We now go on to show that, when \(m \ge 3\), the bound in the above theorem is attained if and only if n is a Carmichael number of special form.

Theorem 5

Let n be a Carmichael number with \(m \ge 3\) prime factors that are all congruent to \(3 \bmod 4\). Then \(S(n) = \frac{\varphi (n)}{2^{m-1}}\). Conversely, if n has \(m \ge 3\) prime factors and \(S(n) = \frac{\varphi (n)}{2^{m-1}}\), then n is a Carmichael number whose prime factors are all congruent to \(3 \bmod 4\).

Proof

By Korselt’s criterion we know that n is square-free. Write \(n = p_1 \cdots p_m\) where the \(p_i\) are prime and, by assumption, \(p_i = 3 \bmod 4\) for each i. As before, we write \(n = 2^e d + 1\) where d is odd and \(p_i = 2^{e_i} d_i +1\) where each \(d_i\) is odd. Since \(p_i = 3 \bmod 4\) for each i, it is immediate that \(e_i = 1\) for each i. Moreover, by Korselt’s criterion, we have \(2^{e_i}d_i | 2^e d\), and hence \(d_i | d\), for each i. The result follows from the converse part of Theorem 4.

For the converse, let \(n = \prod _{i = 1}^{m} p_i^{q_i}\). Suppose \(p_i = 2^{e_i} d_i + 1\) where \(d_i\) is odd and \(n = 2^e d + 1\) where d is odd. Necessarily, \(e \ge 1\). By Theorem 4, since \(S(n) = \frac{\varphi (n)}{2^{m-1}}\), we have that n is square free, \(e_i = 1 \) for all i and \(d_i \mid d\) for all i. Since \(e_i = 1 \) \(\forall i\), we have that \(p_i = 3 \bmod 4\) and \(2^{e_i} \mid 2^e\) for all i. Also, since \(d_i \mid d\) for all i, it follows that \(2^e_i d_i \mid 2^e d\) for all i, and thus \(p_i-1 \mid n-1\) for all i. Hence, n satisfies Korselt’s criterion, and n is a Carmichael number.

Example 1

Table 1 gives, for each \(3 \le m \le 10\), the smallest number with m prime factors achieving the bound of Theorem 4. In the light of Theorem 5, these are all Carmichael numbers whose prime factors are all congruent to \(3 \bmod 4\).
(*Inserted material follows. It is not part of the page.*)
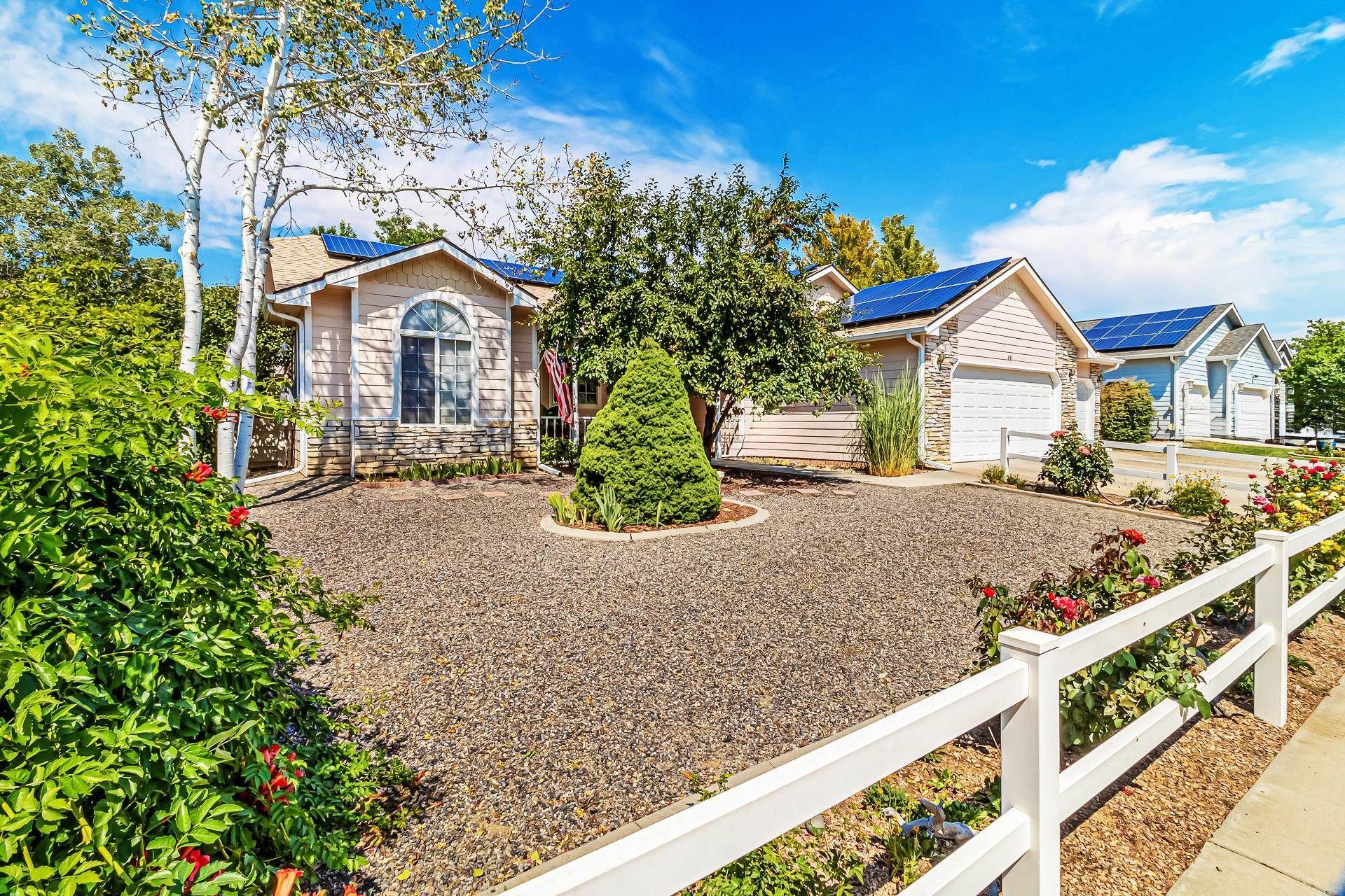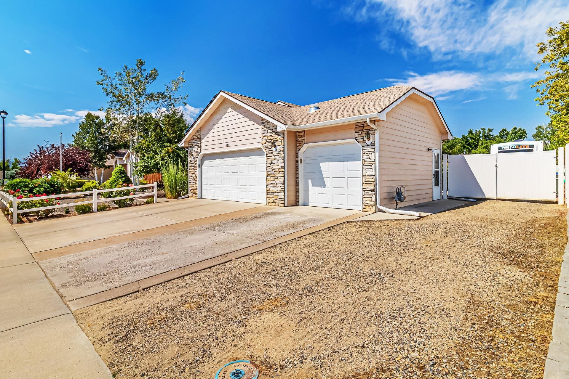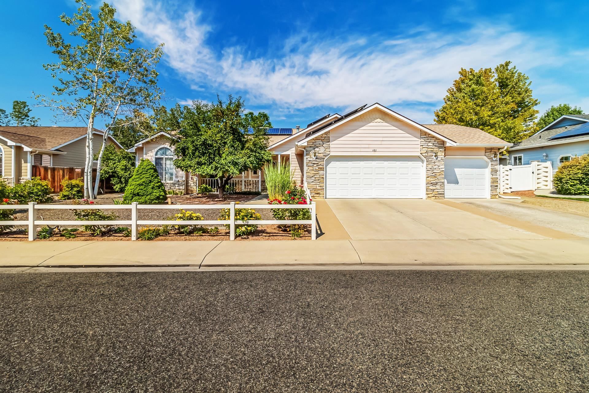 Built in 2000 and ideally located in the desirable North area directly across from the beautiful Moonridge Falls subdivision, this well-maintained Ranch-style home offers comfort, convenience, and functionality. Situated with a quiet 14-lot neighborhood, you'll enjoy peaceful living just 1.5 miles from Mesa Mall, theaters, specialty shops, and a variety of great restaurants. This inviting home features 3 bedrooms, 2 full baths, and a spacious 3 car garage. The current owners have thoughtfully converted the 3rd bay into a functional office, while still maintaining a separate front storage area with its own overhead doors - perfect for tools, toys, and landscaping equipment. Outdoor enthusiasts will appreciate the large RV parking area complete with a 50-amp outlet and convenient rear access to 25 1/2 Road. The fully fenced and landscaped yard includes a newer wood deck just off the living room, creating an ideal space for relaxing or entertaining. Added value comes with included solar panels, helping keep the utility costs low. This property blends partial upgrades with a prime location - an excellent opportunity to enjoy North area living at its best.

These are obtained from data made available by Pinch and reported in [Pin08]. Of course, these examples are all much too small for cryptographic use.

Table 1.

The smallest number \(C_m\) with m prime factors that meets the upper bound of \(\varphi (C_m)/2^{m-1}\) on \(S(C_m)\).

m

\(C_m\)

\(S(C_m)\)

3

\( 7 \cdot 19 \cdot 67 \)

\(\varphi (C_m)/4\)

4

\( 7 \cdot 19 \cdot 67 \cdot 199 \)

\(\varphi (C_m)/8\)

5

\( 7 \cdot 11 \cdot 19 \cdot 103 \cdot 9419 \)

\(\varphi (C_m)/16\)

6

\( 7 \cdot 11 \cdot 31 \cdot 47 \cdot 163 \cdot 223 \)

\(\varphi (C_m)/32\)

7

\( 19 \cdot 23 \cdot 31 \cdot 67 \cdot 71 \cdot 199 \cdot 271 \)

\(\varphi (C_m)/64 \)

8

\( 11 \cdot 31 \cdot 43 \cdot 47 \cdot 71 \cdot 139 \cdot 239 \cdot 271 \)

\(\varphi (C_m)/128\)

9

\( 19 \cdot 31 \cdot 43 \cdot 67 \cdot 71 \cdot 103 \cdot 239 \cdot 307 \cdot 631 \)

\(\varphi (C_m)/256 \)

10

\( 7 \cdot 11 \cdot 19 \cdot 31 \cdot 47 \cdot 79 \cdot 139 \cdot 163 \cdot 271 \cdot 2347 \)

\(\varphi (C_m)/512\)

3 Generating Large Carmichael Numbers

The results in the previous section motivate the search for cryptographically-sized Carmichael numbers with a chosen number of prime factors, with each factor congruent to 3 mod 4. In this section, we discuss two existing constructions for Carmichael numbers: the Erdös method [Erd56] and the method of Granville and Pomerance [GP02]. We show how to combine these two methods to produce large examples. We also show how to modify the constructions to improve the probability that they will succeed in constructing large examples meeting our additional congruence requirements.

3.1 The Erdös Method

Erdös [Erd56] gave a method to construct Carmichael numbers with many prime factors. The method starts with a highly composite number L and then considers the set \({\mathcal {P}}(L)= \{ p: p \text{ prime }, p-1 \mid L, p \not \mid L\}\). If for some subset \(p_1,p_2,\dots , p_m\) of \({\mathcal {P}}(L)\), we have \(p_1p_2\cdots p_m = 1 \bmod L\), then \(n=p_1p_2\cdots p_m\) is a Carmichael number, by Korselt’s criterion. This is easy to see: by construction, \(p_i -1 \mid L\); the condition \(n = 1 \bmod L\) implies that \(L \mid n-1\); it follows that \(p_i -1 \mid n-1\), and n is evidently square-free.

Example 2

If \(L = 120 = 2^3\cdot 3 \cdot 5\), then \({\mathcal {P}}(L) = \{7,11,13,31,41,61\}\). If we examine all the subsets of \({\mathcal {P}}(L)\), we find that \(41040 = 7 \cdot 11 \cdot 13 \cdot 41\), \(172081 = 7 \cdot 13 \cdot 31 \cdot 61\) and \(852841 = 11 \cdot 31 \cdot 41 \cdot 61 \) are all \(1 \bmod {120}\), and so are all Carmichael numbers.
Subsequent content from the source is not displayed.